Entry point for the entire review workflow. Claude calls this tool when the developer asks to review their code, e.g. "Review my changes before PR" or "Scan the whole project". The tool creates a ReviewSession, launches all sub-agents in a background thread, and immediately returns a reviewId — without waiting for the review to complete.

Flow:


 Developer: "Review my changes"
     ↓
 Claude AI → calls start_review(project_path, scope)
     ↓
 StartReviewTool.execute() → creates ReviewScope
                           → calls OrchestratorAgent.startReview()
                           → returns { reviewId: "abc-123", status: "RUNNING" }
     ↓
 Claude AI → calls GetReportTool(reviewId) periodically to track progress
 

Created by: WorkshopServer.start() at server startup. Receives OrchestratorAgent via constructor injection.

CERTIFICATION NOTE — covers two exam domains:

  • Domain 4 — Tool Design & MCP Integration (18%): This class IS an MCP tool. The DESCRIPTION field is the instruction to Claude AI about when and how to call this tool. The INPUT_SCHEMA defines the JSON contract Claude must follow. Together they demonstrate Task Statement 4.1: "Design MCP tool interfaces with clear descriptions and input schemas."
  • Domain 1 — Agentic Architecture & Orchestration (27%): This tool is the trigger that starts the agentic loop. It demonstrates the async fire-and-forget pattern: return immediately with a handle (reviewId), let the orchestrator run agents in the background.
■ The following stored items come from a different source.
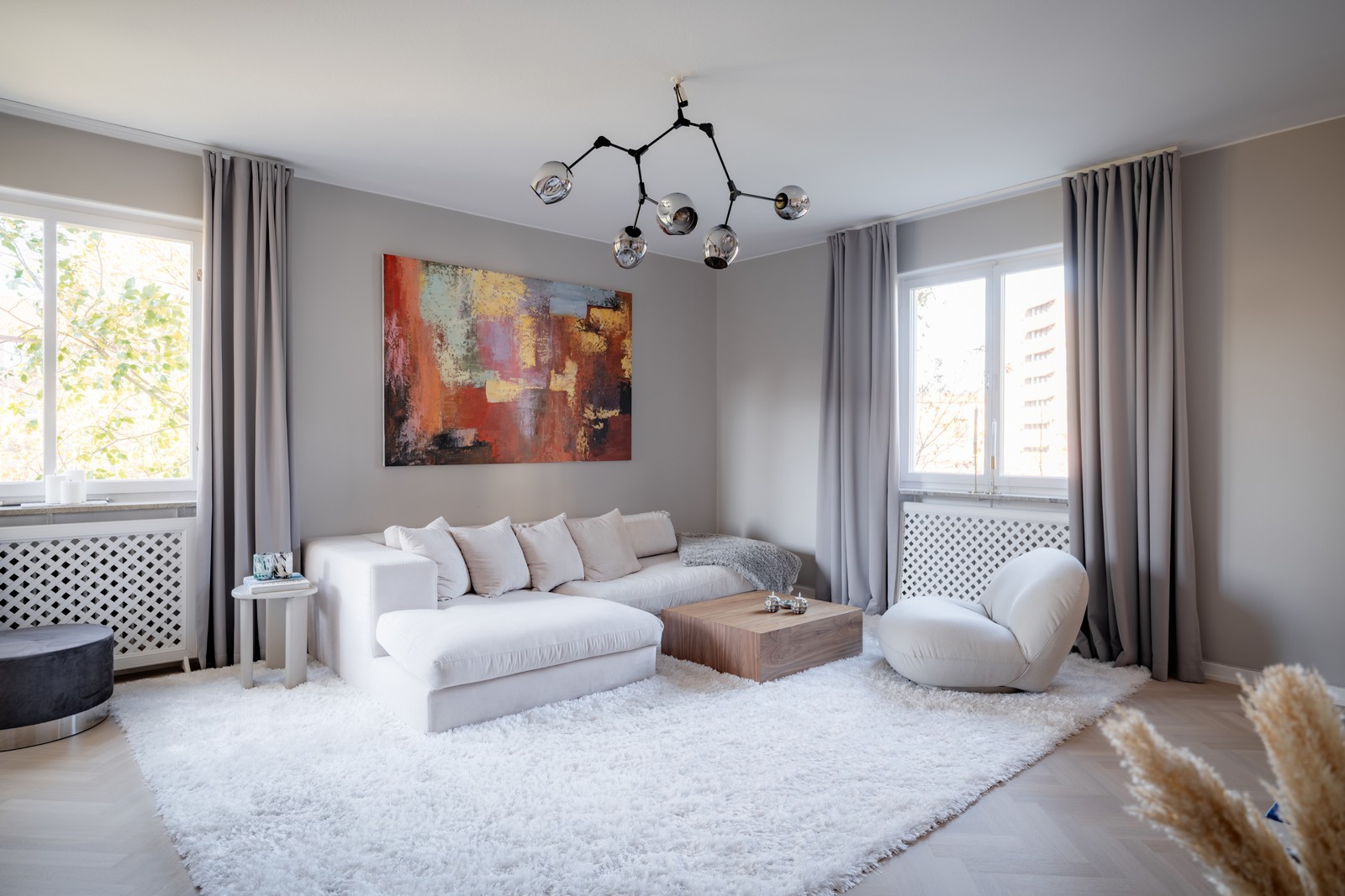Generöst, lätt möblerat och socialt vardagsrum med flera fönster och
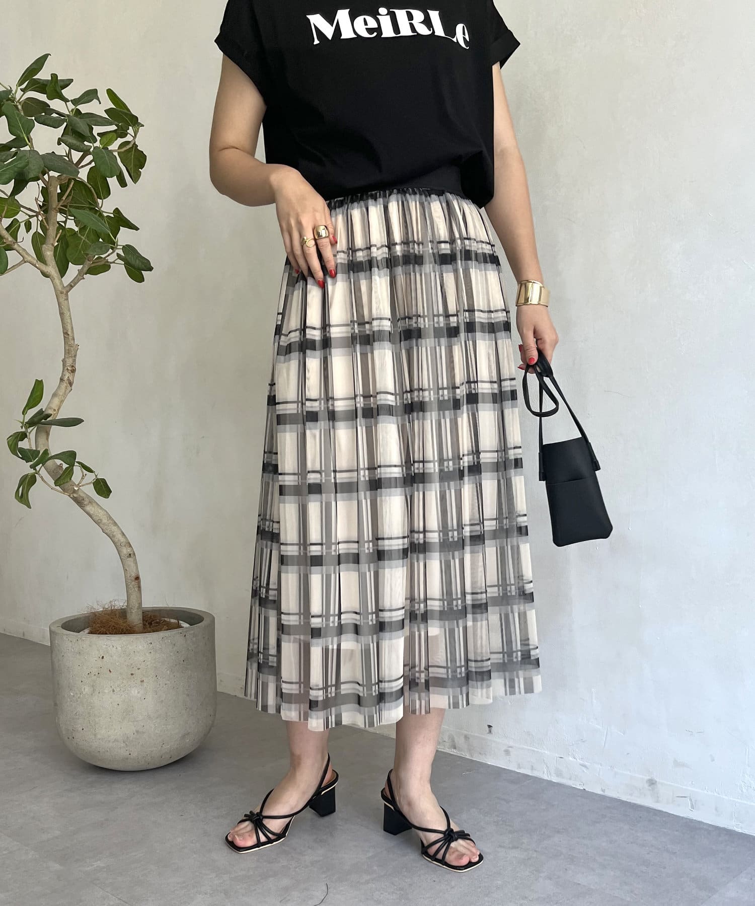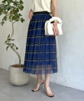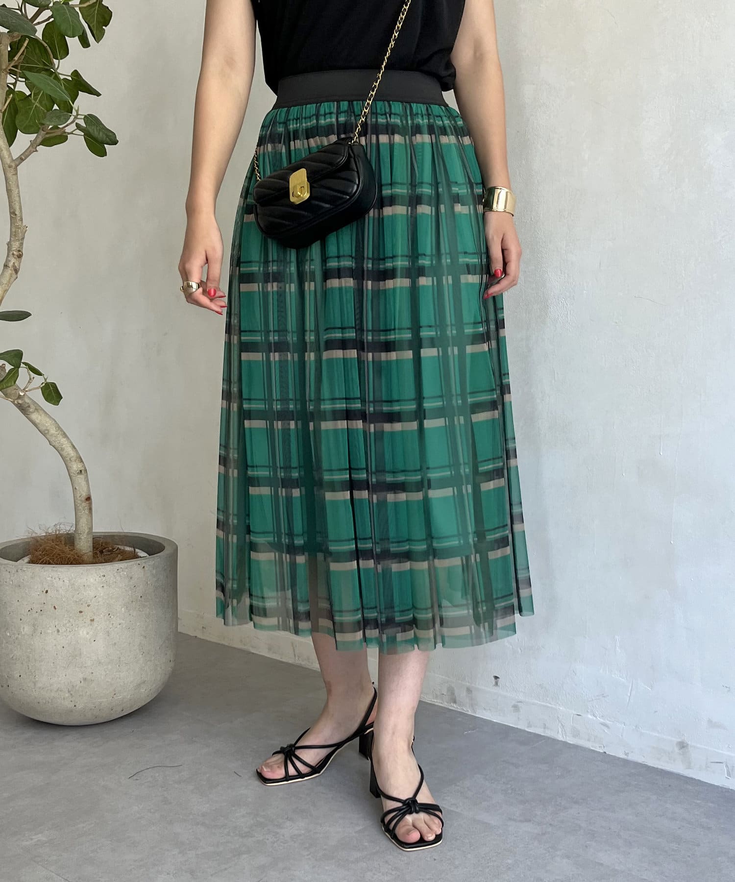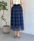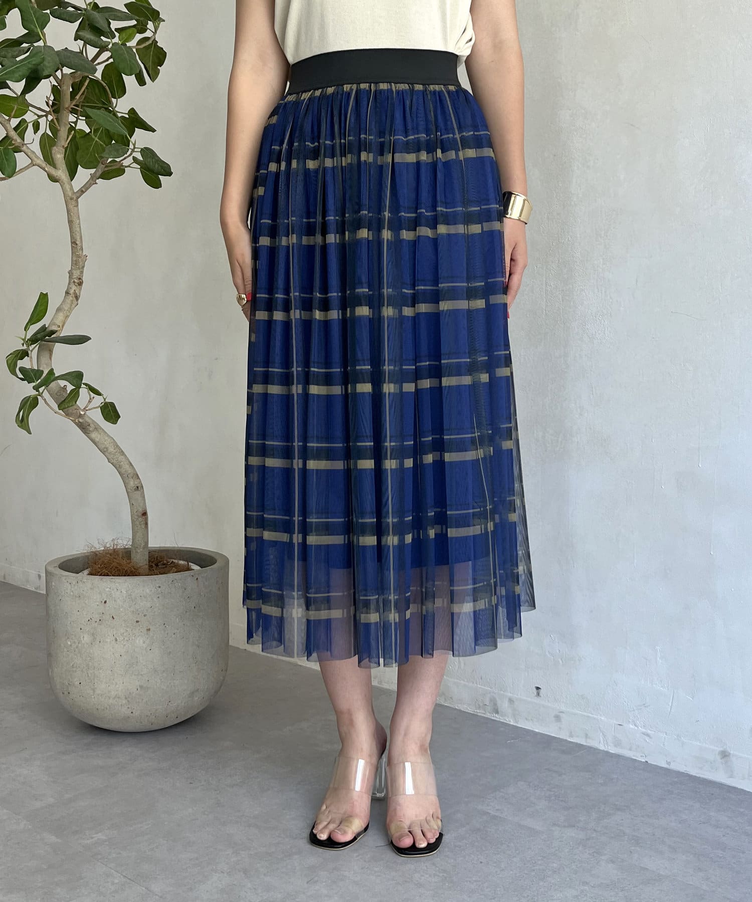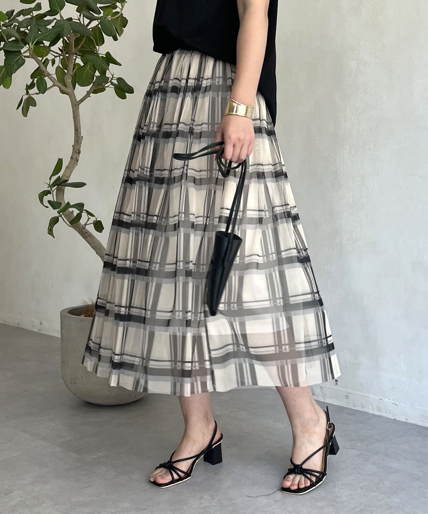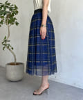 【ウエストゴム仕様】チュールチェックフレアスカート
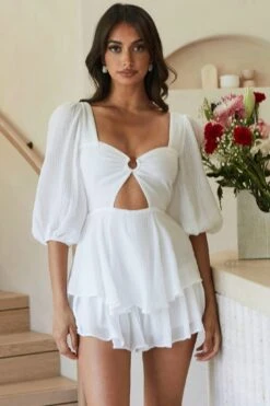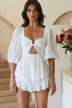 Breeze through your day in our pretty Picture This romper. Featuring 3/4 balloon sleeves and a cut-out feature with in the bust. Perfect for weekend brunching with your besties, it looks amazing with tan mules and a straw tote.
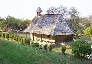 Biserica de lemn „Sfinții Arhangheli-Mănăstirea” din Sânmărtinu de Câmpie, comuna Râciu, județul Mureș, foto: octombrie 2009.
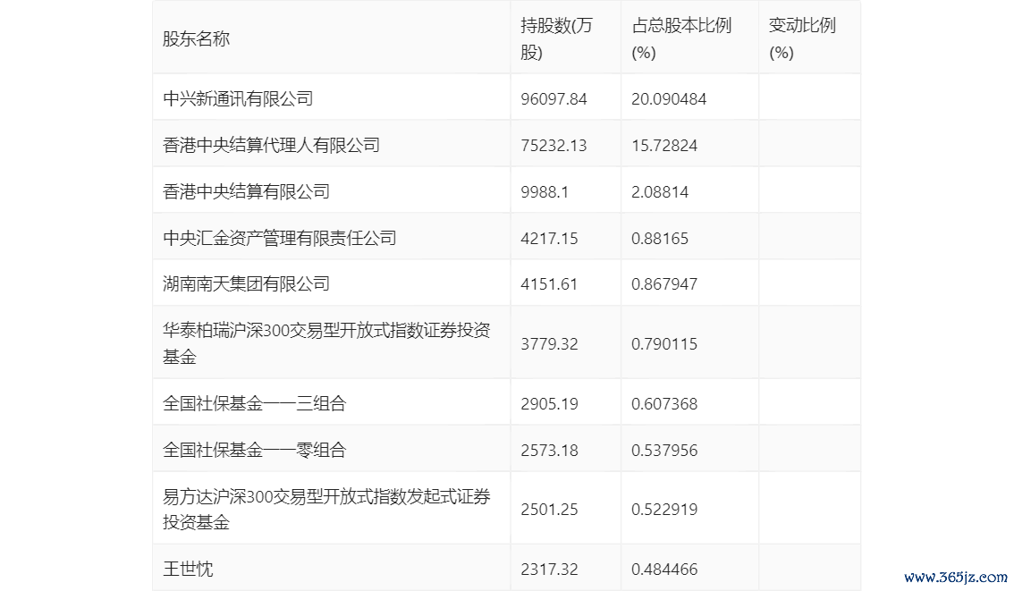 半年报显示,2024年上半年末公司十大流通股东中,持股最多的为中兴新通讯有限公司,占比20.09%。十大流通股东名单相比2024年一季报维持不变。在具体持股比例上,香港中央结算代理人有限公司、香港中央结算有限公司、华泰柏瑞沪深300交易型开放式指数证券投资基金、全国社保基金一一零组合、易方达沪深300交易型开放式指数发起式证券投资基金、王世忱持股有所上升,全国社保基金一一三组合持股有所下降。
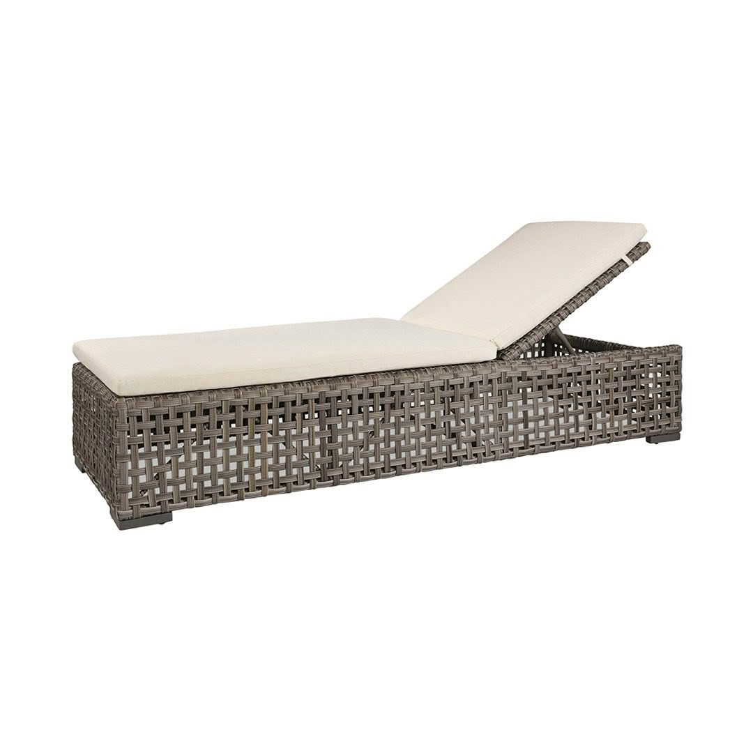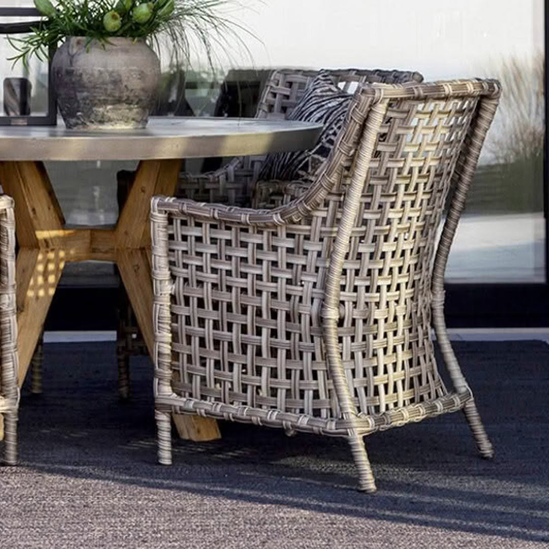Gray wicker outdoor sofa with white cushionsElegant outdoor patio with wicker furniture and greenery
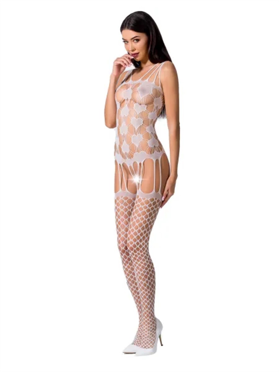Dieses verführerische Bodystocking verbindet großflächige Netzöffnungen mit einem raffinierten Strap-Design, das eine besonders erotische Optik erzeugt. Das elastische Material schmiegt sich an die Körperkonturen an und sorgt für eine betonte Silhouette. Die integrierte Strumpfoptik rundet den Look harmonisch ab.
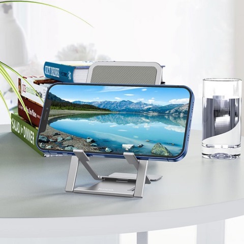 PH43 מחזיק לטלפון שולחני מתקפל, סגסוגת אלומיניום וסיליקון, לטלפון נייד בגודל 4.5-7 אינץ'

This is Task Statement 1.7: "Manage session state, resumption, and forking."

  • Constructor Details

  • Method Details

    • toolSpecification

      public io.modelcontextprotocol.server.McpServerFeatures.AsyncToolSpecification toolSpecification(io.modelcontextprotocol.json.McpJsonMapper jsonMapper)
      Builds the MCP tool descriptor and attaches the async execution handler.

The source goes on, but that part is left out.